─── Task input ───
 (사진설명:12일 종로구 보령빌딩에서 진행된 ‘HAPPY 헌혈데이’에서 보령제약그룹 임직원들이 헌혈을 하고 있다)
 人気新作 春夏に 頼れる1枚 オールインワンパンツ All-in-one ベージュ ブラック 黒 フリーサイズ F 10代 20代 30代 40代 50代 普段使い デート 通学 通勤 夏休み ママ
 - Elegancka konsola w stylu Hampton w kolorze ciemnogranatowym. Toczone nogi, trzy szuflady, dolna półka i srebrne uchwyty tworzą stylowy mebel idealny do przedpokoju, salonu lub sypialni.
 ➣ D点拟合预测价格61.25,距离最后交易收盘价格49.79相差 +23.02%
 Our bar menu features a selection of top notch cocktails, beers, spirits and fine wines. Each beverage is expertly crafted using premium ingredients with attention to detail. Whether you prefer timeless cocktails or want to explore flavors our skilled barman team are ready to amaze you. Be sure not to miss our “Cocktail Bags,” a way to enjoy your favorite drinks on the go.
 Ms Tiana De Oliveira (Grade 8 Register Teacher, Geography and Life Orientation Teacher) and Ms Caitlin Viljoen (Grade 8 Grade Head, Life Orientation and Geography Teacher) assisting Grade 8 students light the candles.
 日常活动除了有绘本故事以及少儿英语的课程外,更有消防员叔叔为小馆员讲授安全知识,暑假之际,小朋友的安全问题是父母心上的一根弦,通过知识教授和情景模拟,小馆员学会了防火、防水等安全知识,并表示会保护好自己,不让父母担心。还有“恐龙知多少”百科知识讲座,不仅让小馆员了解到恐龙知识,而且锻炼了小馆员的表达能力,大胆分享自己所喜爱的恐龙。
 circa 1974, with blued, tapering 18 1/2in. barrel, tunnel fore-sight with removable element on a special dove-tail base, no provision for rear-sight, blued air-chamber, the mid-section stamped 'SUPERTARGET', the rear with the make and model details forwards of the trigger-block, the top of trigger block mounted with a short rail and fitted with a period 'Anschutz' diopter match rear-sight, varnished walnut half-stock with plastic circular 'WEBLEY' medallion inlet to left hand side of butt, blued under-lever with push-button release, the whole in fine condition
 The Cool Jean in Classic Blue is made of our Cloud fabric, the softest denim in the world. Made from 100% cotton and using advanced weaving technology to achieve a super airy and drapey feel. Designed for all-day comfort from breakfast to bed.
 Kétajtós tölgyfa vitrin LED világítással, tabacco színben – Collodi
───
Work instructions: Every entry should be reproduced exactly, with no part omitted.

Solution to this exercise:
 (사진설명:12일 종로구 보령빌딩에서 진행된 ‘HAPPY 헌혈데이’에서 보령제약그룹 임직원들이 헌혈을 하고 있다)
 人気新作 春夏に 頼れる1枚 オールインワンパンツ All-in-one ベージュ ブラック 黒 フリーサイズ F 10代 20代 30代 40代 50代 普段使い デート 通学 通勤 夏休み ママ
 - Elegancka konsola w stylu Hampton w kolorze ciemnogranatowym. Toczone nogi, trzy szuflady, dolna półka i srebrne uchwyty tworzą stylowy mebel idealny do przedpokoju, salonu lub sypialni.
 ➣ D点拟合预测价格61.25,距离最后交易收盘价格49.79相差 +23.02%
 Our bar menu features a selection of top notch cocktails, beers, spirits and fine wines. Each beverage is expertly crafted using premium ingredients with attention to detail. Whether you prefer timeless cocktails or want to explore flavors our skilled barman team are ready to amaze you. Be sure not to miss our “Cocktail Bags,” a way to enjoy your favorite drinks on the go.
 Ms Tiana De Oliveira (Grade 8 Register Teacher, Geography and Life Orientation Teacher) and Ms Caitlin Viljoen (Grade 8 Grade Head, Life Orientation and Geography Teacher) assisting Grade 8 students light the candles.
 日常活动除了有绘本故事以及少儿英语的课程外,更有消防员叔叔为小馆员讲授安全知识,暑假之际,小朋友的安全问题是父母心上的一根弦,通过知识教授和情景模拟,小馆员学会了防火、防水等安全知识,并表示会保护好自己,不让父母担心。还有“恐龙知多少”百科知识讲座,不仅让小馆员了解到恐龙知识,而且锻炼了小馆员的表达能力,大胆分享自己所喜爱的恐龙。
 circa 1974, with blued, tapering 18 1/2in. barrel, tunnel fore-sight with removable element on a special dove-tail base, no provision for rear-sight, blued air-chamber, the mid-section stamped 'SUPERTARGET', the rear with the make and model details forwards of the trigger-block, the top of trigger block mounted with a short rail and fitted with a period 'Anschutz' diopter match rear-sight, varnished walnut half-stock with plastic circular 'WEBLEY' medallion inlet to left hand side of butt, blued under-lever with push-button release, the whole in fine condition
 The Cool Jean in Classic Blue is made of our Cloud fabric, the softest denim in the world. Made from 100% cotton and using advanced weaving technology to achieve a super airy and drapey feel. Designed for all-day comfort from breakfast to bed.
 Kétajtós tölgyfa vitrin LED világítással, tabacco színben – Collodi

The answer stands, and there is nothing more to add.